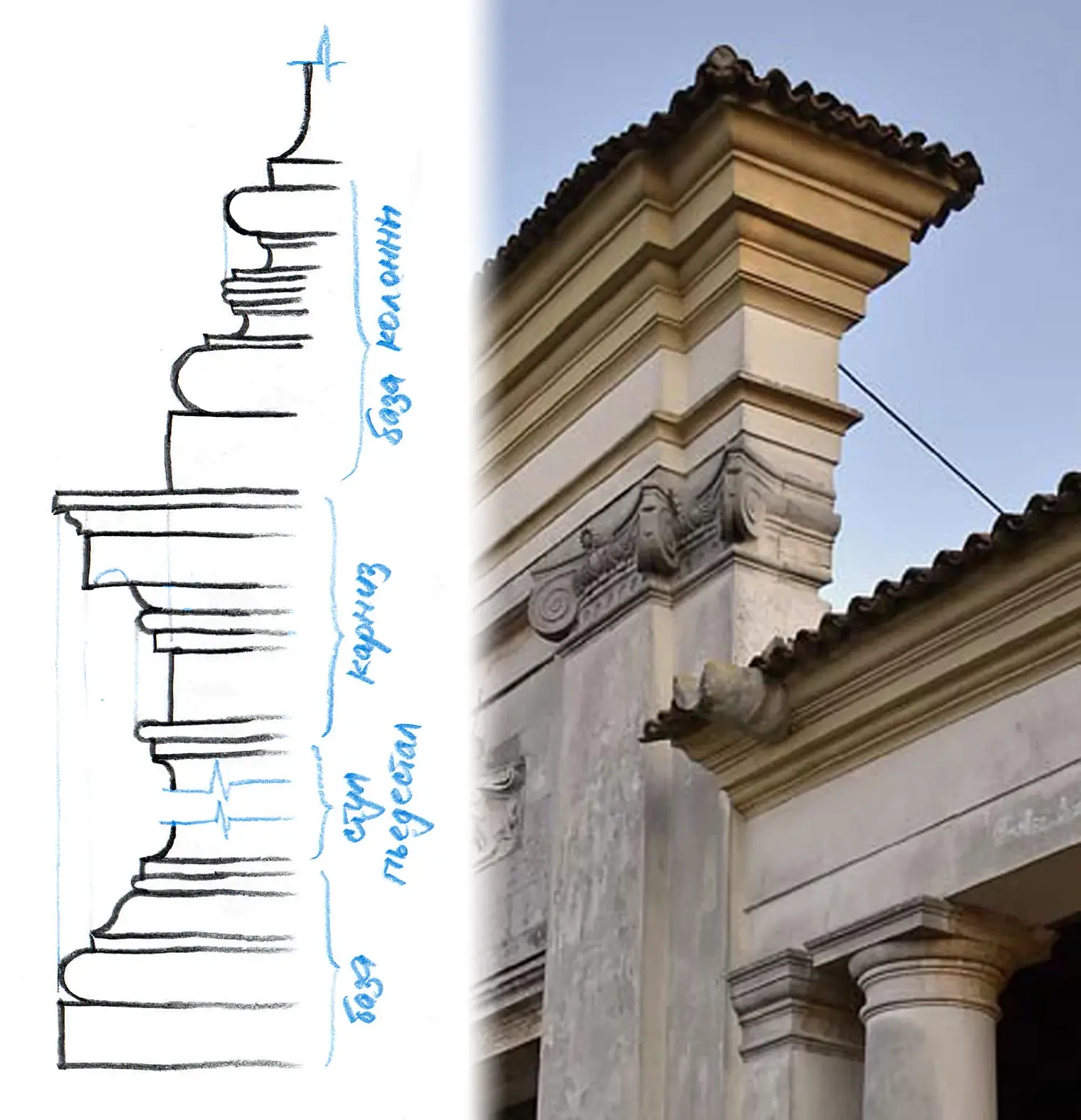 Карниз в свою очередь делится на поддерживающую (карнизную плиту), свешивающуюся и венчающую части. Карнизная плита имеет при себе маленькую выемку – слезник (от слова “слеза”), назначение которого преградить путь стекающей дождевой воде.
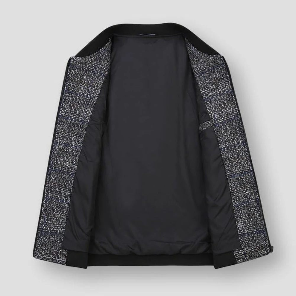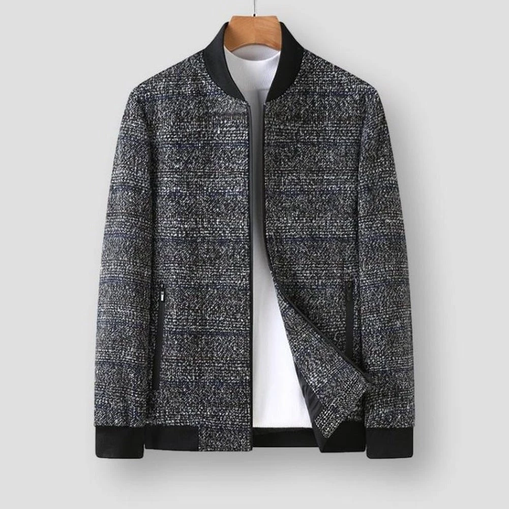 A soft wool-like blend lends visual texture to this handsome jacket. Inspired by the timeless baseball silhouette, this jacket features a zipper front and ribbed cuff sleeves, a design that pairs well with denim jeans or casual corduroy pants.
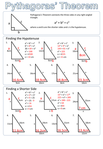 Free Pythagorean Theorem Worksheets PrintableRudolph ... These free Pythagorean Theorem worksheets are downloadable, printable, and come with corresponding printable answer pages. In mathematics, the Pythagorean theorem is a relation in Euclidean geometry among the three sides of a right triangle. It states that the square of the hypotenuse (the side opposite the right angle) is equal to the sum of the squares of the other two sides.
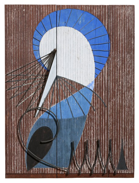 'During 1955-56 Taylor began not only to make sculpture but also to include three-dimensional objects of his own design as subject matter in his paintings. His first solo exhibition to include both paintings and sculpture was organised in 1957. The sculptures reveal his initial attempts at integrating his background of assembling objects from multiple parts with the magnitude of forms found in the bush:
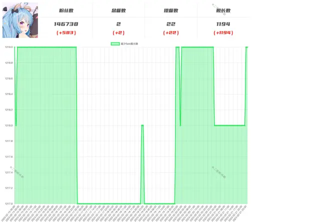 观看指南: UP名字可点击跳转;增长数据红色为增加, 蓝色为无变化,绿色为减少;预测数据 红色可信度最高,蓝色其次,黑色最低
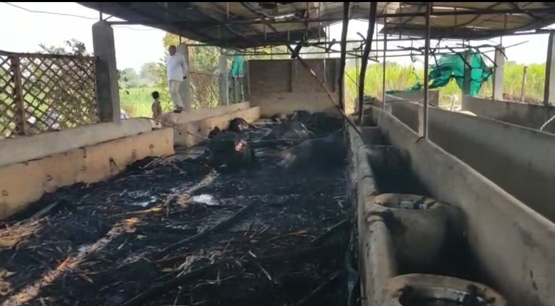 *તબેલામાં અગમ્ય કારણોસર ભીષણ આગ લાગતા 17 વધુ પશુઓના મોત.
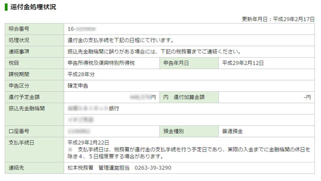 昨年もe-Taxで申告したので申告日から2週間ほどで還付金が振り込まれまれています。
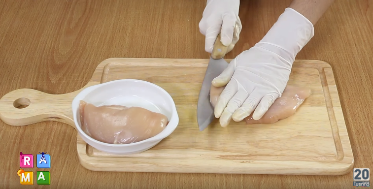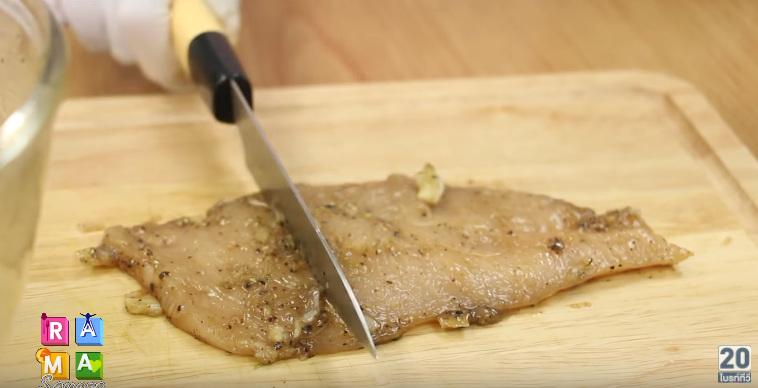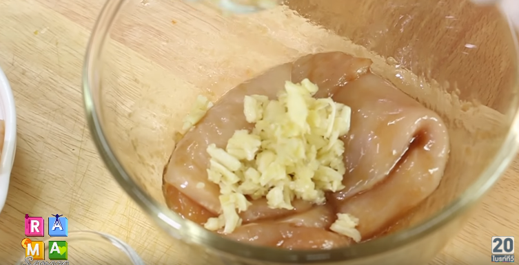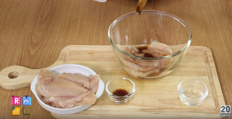 หั่นไก่บางๆ เป็นชิ้นยาวๆ ประมาณ 3 นิ้ว ใส่ซีอิ้วขาวผสมน้ำมันหอยครึ่งช้อนโต๊ะ ใส่น้ำมัน 1 ช้อนโต๊ะ ขยำให้เข้าเนื้อทั้วกัน
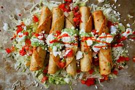 Orden de tacos Dorados 5pz preparados con crema , queso , lechuga y nuestra salsa especial
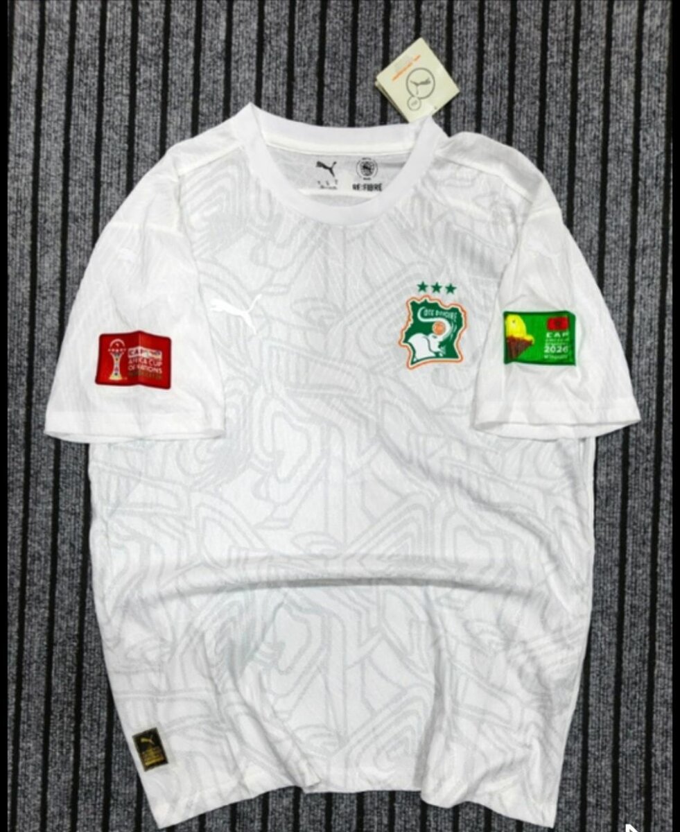 Maillot officiel de l'équipe de Côte d'Ivoire, parfait pour les fans de football. Fabriqué avec des matériaux de haute qualité pour un confort optimal lors des matchs ou des entraînements.
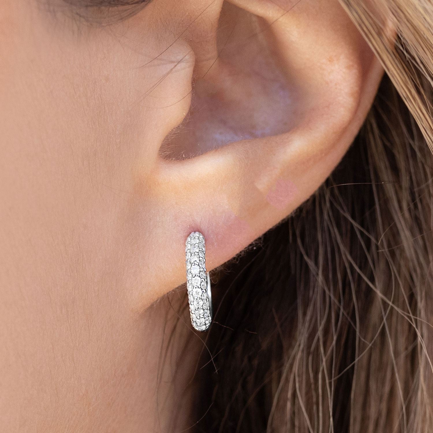 Silver Pave Diamond Huggie Hoop Earrings - 15mm
● ● ● ●
◆ REQUIREMENT ◆
Without copying the pictures, transcribe the entries exactly.

◆ ANSWER TO THE EXERCISE ◆
 Карниз в свою очередь делится на поддерживающую (карнизную плиту), свешивающуюся и венчающую части. Карнизная плита имеет при себе маленькую выемку – слезник (от слова “слеза”), назначение которого преградить путь стекающей дождевой воде.
 A soft wool-like blend lends visual texture to this handsome jacket. Inspired by the timeless baseball silhouette, this jacket features a zipper front and ribbed cuff sleeves, a design that pairs well with denim jeans or casual corduroy pants.
 Free Pythagorean Theorem Worksheets PrintableRudolph ... These free Pythagorean Theorem worksheets are downloadable, printable, and come with corresponding printable answer pages. In mathematics, the Pythagorean theorem is a relation in Euclidean geometry among the three sides of a right triangle. It states that the square of the hypotenuse (the side opposite the right angle) is equal to the sum of the squares of the other two sides.
 'During 1955-56 Taylor began not only to make sculpture but also to include three-dimensional objects of his own design as subject matter in his paintings. His first solo exhibition to include both paintings and sculpture was organised in 1957. The sculptures reveal his initial attempts at integrating his background of assembling objects from multiple parts with the magnitude of forms found in the bush:
 观看指南: UP名字可点击跳转;增长数据红色为增加, 蓝色为无变化,绿色为减少;预测数据 红色可信度最高,蓝色其次,黑色最低
 *તબેલામાં અગમ્ય કારણોસર ભીષણ આગ લાગતા 17 વધુ પશુઓના મોત.
 昨年もe-Taxで申告したので申告日から2週間ほどで還付金が振り込まれまれています。
 หั่นไก่บางๆ เป็นชิ้นยาวๆ ประมาณ 3 นิ้ว ใส่ซีอิ้วขาวผสมน้ำมันหอยครึ่งช้อนโต๊ะ ใส่น้ำมัน 1 ช้อนโต๊ะ ขยำให้เข้าเนื้อทั้วกัน
 Orden de tacos Dorados 5pz preparados con crema , queso , lechuga y nuestra salsa especial
 Maillot officiel de l'équipe de Côte d'Ivoire, parfait pour les fans de football. Fabriqué avec des matériaux de haute qualité pour un confort optimal lors des matchs ou des entraînements.
 Silver Pave Diamond Huggie Hoop Earrings - 15mm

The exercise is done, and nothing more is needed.